Nos dijeron que, a Don Amancio, (acaba de cumplir 90 años) se le ve con frecuencia, saludando a todos, amable, cercano.

Un hombre horizontal.

(escrito por un humano)

122 La humildad

Verás. La humildad es una virtud tan escasa como las trufas en verano.

A pesar de ser una de las virtudes que aplaca el pecado capital de la soberbia, no la usamos mucho.

La humildad es creerse más (o menos, esto es importante) que alguien.

Por motivos económicos, sociales, morales… por lo que sea.

La falta de humildad es lo que rompe el sagrado principio de que todos somos iguales.

Además, también rompe la regla de oro de nuestra función en la vida: aprender.

La soberbia me lo va a impedir. Si ya se todo ¿qué necesito aprender?

Pero siempre hay personas maravillosas que nos dan una gran lección de lo que es ser humilde.

A lo mejor no te suena Mario Puzo, o a lo mejor sí.

Lo que es seguro es que has visto la película basada en su libro.

Está siempre valorada como una de las mejores películas de todos los tiempos.

Sí, El padrino.

Cuando adaptaron la novela al cine, Coppola le llamó para que escribiera el guion.

Había un problema: Mr. Puzo era escritor de novelas y nunca había escrito un guion de cine.

No tenía ni idea de cómo hacerlo.

Tuvo dificultades con la estructura y el formato, pero salió adelante gracias a la ayuda de Coppola.

Bueno, no tenía ni idea de hacer guiones y …  ¡ganó dos Óscar!

Pero Puzo no presumió de ello.

Lo primero que hizo fue comprar un libro sobre cómo escribir guiones, para aprender sobre su nuevo oficio.

El primer capítulo decía: «Estudia El Padrino I».

La compra de ese libro es humildad en estado puro.

(escrito por un humano)

121 Una nueva forma

Verás. En el mundo de la escritura se dice que hay dos tipos de escritores:

Escritores de mapa. Estos son los planificadores.

Antes de empezar a escribir, organizan la historia, crean una estructura, definen los puntos clave de la trama…

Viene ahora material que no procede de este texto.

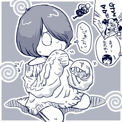 ユメコちゃんを水系の危機から救って送り届けたら、優子ママに家に引っ張り込まれて剥かれて学童服乾くまでと正夫氏のセーターひっかぶされたちびっこの図。
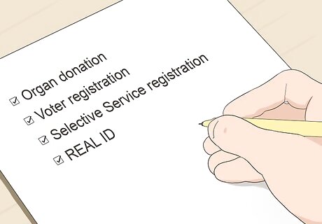 Sign up for other registries or programs if necessary. When you get your first license, you also have the ability to sign up for other programs. Most of these programs are optional. You can change your enrollment at any time. Other programs available include: Organ donation Voter registration Selective Service registration: required for all men 18 to 25 years old, unless you meet one of the narrow exemptions REAL ID (allows travel on commercial airlines and entry to federal facilities, including military bases)
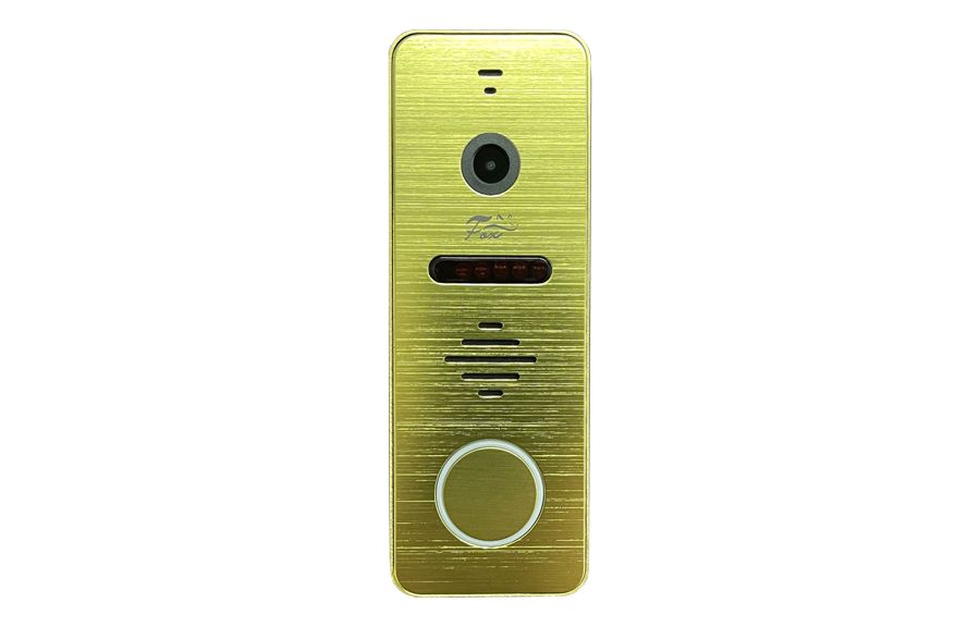 Вызывная видеопанель FX-CP23S, цвет -Золото; AHD 2Мп; 1/2.7" HD CMOS 1920x1080, Разрешение камеры: 1080P/720P/CVBS; ИК-подсветка: до 5-и метров; ИК фильтр; Объектив 2.7mm, Угол обзора 120°; Питание: DC 12V от монитора; Управление замком НО/НЗ; Крепление: накладное; Козырек и Уголок в комплекте; -40…+50°С, 130x40x23 мм.

No soportan perderse durante el proceso y son metódicos.

Luego están los escritores de brújula.

Se lanzan a escribir con una inspiración, o con una vaga idea general.

Recorren caminos inciertos y dejan a sus personajes vagar libremente con ellos.

Confían en su intuición y en el desarrollo natural de los eventos.

Son espontáneos y flexibles.

Yo veo otro tipo más de escritor.

El escritor GPS. No tiene un plan preestablecido, pero tampoco una idea intuitiva que le guíe.

Únicamente tiene datos de su posición actual. Del instante presente.

No intenta predecir el futuro, y tampoco utiliza el pasado de referencia.

Solo el aquí y el ahora.

De la misma manera que estos escritores escriben sus obras así, estoy seguro, llevarán sus vidas.

¿De qué manera escribes tú tu vida?

¿Cómo te guías en tu toma de decisiones?

(Pista: no hay una forma correcta. Solo necesitas coherencia entre tu vida y la forma de guiarte por ella).

(escrito por un humano)

120 El orden de los factores…

Verás. Esto te va a sonar del colegio:

«El orden de los factores no altera el producto»

Euclides tenía razón, pero solo en el mundo de las matemáticas, en la multiplicación de números.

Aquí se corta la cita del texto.